EU agency has no new concerns about incretin diabetes drugs

July 26, 2013

London, UK - The European Medicines Agency (EMA) says currently available data do not confirm recent concerns over an increased risk of pancreatic adverse events with glucagonlike-peptide-1 (GLP-1)-based type 2 diabetes therapies.

"There is no change in evidence regarding the risks," concludes the EMA's Committee for Medicinal Products for Human Use (CHMP), which has finalized a review of GLP-1-based diabetes therapies, also known as incretins. These comprise two classes of medicines: GLP-1 agonists and dipeptidyl peptidase-4 (DPP-4) inhibitors.

Although a slightly increased risk of pancreatitis associated with incretins is well recognized and noted in the labeling of these products, there is unease about the potential of a class carcinogenic effect.

Concerns arose most recently following a study published online in March 2013 in Diabetes by Dr Peter Butler (David Geffen School of Medicine, University of California, Los Angeles).
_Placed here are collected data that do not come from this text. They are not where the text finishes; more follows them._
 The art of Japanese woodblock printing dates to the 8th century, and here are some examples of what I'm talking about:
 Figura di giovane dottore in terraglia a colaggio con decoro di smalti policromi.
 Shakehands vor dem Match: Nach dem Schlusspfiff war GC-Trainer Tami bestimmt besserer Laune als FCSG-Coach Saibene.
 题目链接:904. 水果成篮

Researchers found abnormal changes, including precancerous lesions, in the pancreases of eight organ donors who had been taking GLP-1-based drugs.

Following the publication of Butler's study, BMJ published an in-depth investigation of the issue, and the US National Institute of Diabetes, Digestive , and Kidney Diseases held a two-day meeting, where dozens of experts discussed the topic. The meeting experts concluded that currently there is little evidence of an increased risk of pancreatic cancer associated with incretin use.
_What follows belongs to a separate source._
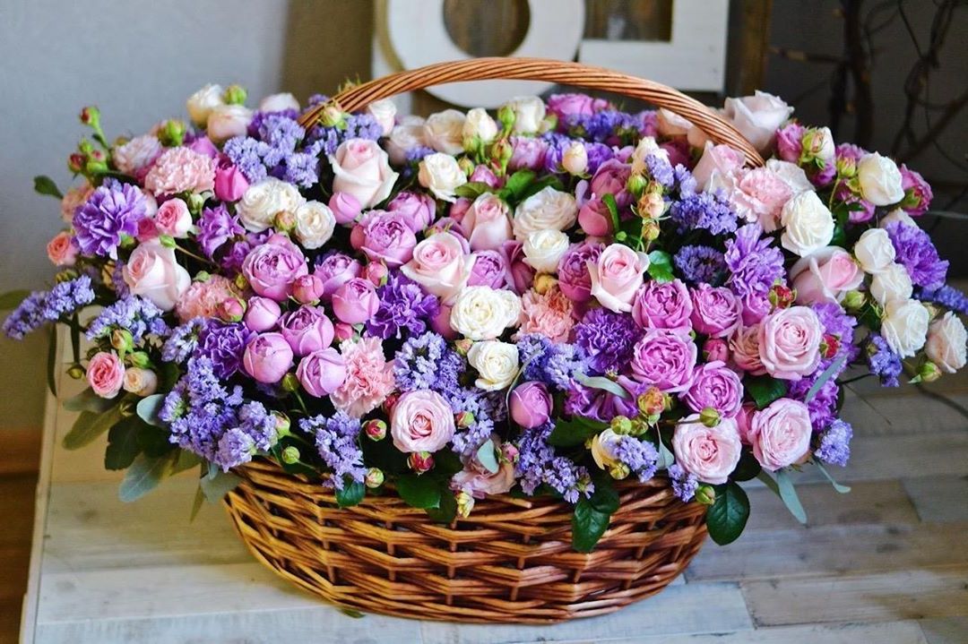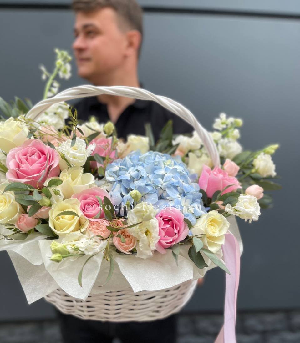 Пышная корзина с бархатными гортензиями и розами разных форм создает живописную композицию в романтичной гамме. Альстромерии и диантусы добавляют воздушности между крупными соцветиями.

EMA says Butler study has limitations, sources of bias

The EMA says the findings of Butler et al "were based on examination of a small number of pancreatic tissue samples obtained from organ donors with and without diabetes mellitus who died due to causes other than diabetes."
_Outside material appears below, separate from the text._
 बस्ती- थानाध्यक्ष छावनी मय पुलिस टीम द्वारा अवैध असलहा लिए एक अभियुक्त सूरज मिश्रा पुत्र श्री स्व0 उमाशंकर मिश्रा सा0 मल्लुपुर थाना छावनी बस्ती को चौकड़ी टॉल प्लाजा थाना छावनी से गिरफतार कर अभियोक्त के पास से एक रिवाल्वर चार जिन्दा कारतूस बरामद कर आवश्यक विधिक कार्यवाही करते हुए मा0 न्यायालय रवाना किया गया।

Also, the study itself had a number of methodological limitations and potential sources of bias, most importantly differences between study groups with respect to age, gender, disease duration, and treatments, "which preclude a meaningful interpretation of the results," the EMA states. And data from clinical trials do not indicate an increased risk of pancreatic cancer with these medicines, it concludes.

However, the EMA acknowledges that the number of events is too small to draw final conclusions. "Due to their mechanism of action (stimulation of beta-cell and suppression of alpha-cell function), some uncertainties remain with respect to the long-term effect of these medicines on the pancreas, and more data collection efforts are under way."

In the US, too, experts say that much longer-term data are needed to provide a definitive answer as to whether GLP-1-based drugs increase the risk of pancreatic cancer. Organizations, including the American Diabetes Association and Endocrine Society, agree and have called on pharmaceutical companies to be transparent with their data.

In the meantime, doctors are being urged to discuss the potential side effects of incretin-based therapy and the symptoms of pancreatitis with patients, especially those with other risk factors for the condition, and to balance the risks and benefits.

EMA will harmonize warnings on pancreatitis

EMA says a small number of cases of pancreatitis with these agents have been reported in clinical trials, and a significant number of cases have been recorded through adverse-event reporting, "although these need to be interpreted cautiously."

These medicines already carry pancreatitis warnings in their product information, but the agency intends to harmonize the wording of these warnings across all GLP-1-based therapies in the EU, "so that patients and healthcare professional receive consistent advice."

The EMA also points out that the marketing authorization holders of these medicines are closely monitoring them for adverse effects, including effects on the pancreas, and they regularly report their findings to the agency for assessment. "Marketing authorization holders will update the risk-management plans for these medicines accordingly," the agency states.

GLP-1-based therapies approved in the EU include exenatide (Byetta, Bydureon, AstraZeneca/Bristol-Myers Squibb), liraglutide (Victoza, Novo Nordisk), lixisenatide (Lyxumia, Sanofi), sitagliptin (Efficib, Januvia, Janumet, Ristaben, Ristfor, Tesavel, Velmetia, Xelevia, Merck), saxagliptin (Komboglyze, Onglyza, AstraZeneca/Bristol-Myers Squibb), linagliptin (Jentadueto, Trajenta, Boehringer Ingelheim/Lilly), and vildagliptin (Eucreas, Galvus, Icandra, Jalra, Xiliarx, Zomarist, Novartis).

EMA committee announces positive opinion on alogliptin

Also announced by the EMA today, the CHMP has issued a positive opinion on the DPP-4 inhibitor alogliptin, plus two fixed-dose combinations of alogliptin with metformin and pioglitazone, respectively, for the treatment of type 2 diabetes in adults.

The products, which will be marketed by Takeda Pharmaceuticals as Vipidia (alogliptin), Vipdomet (alogliptin/metformin), and Incresync (alogliptin/pioglitazone), require final approval from the European Commission, which typically follows CHMP recommendations within 60 days. The same three formulations of alogliptin were approved in January in the US and launched there last month as Nesina, Kazano, and Oseni, respectively, for adults with type 2 diabetes.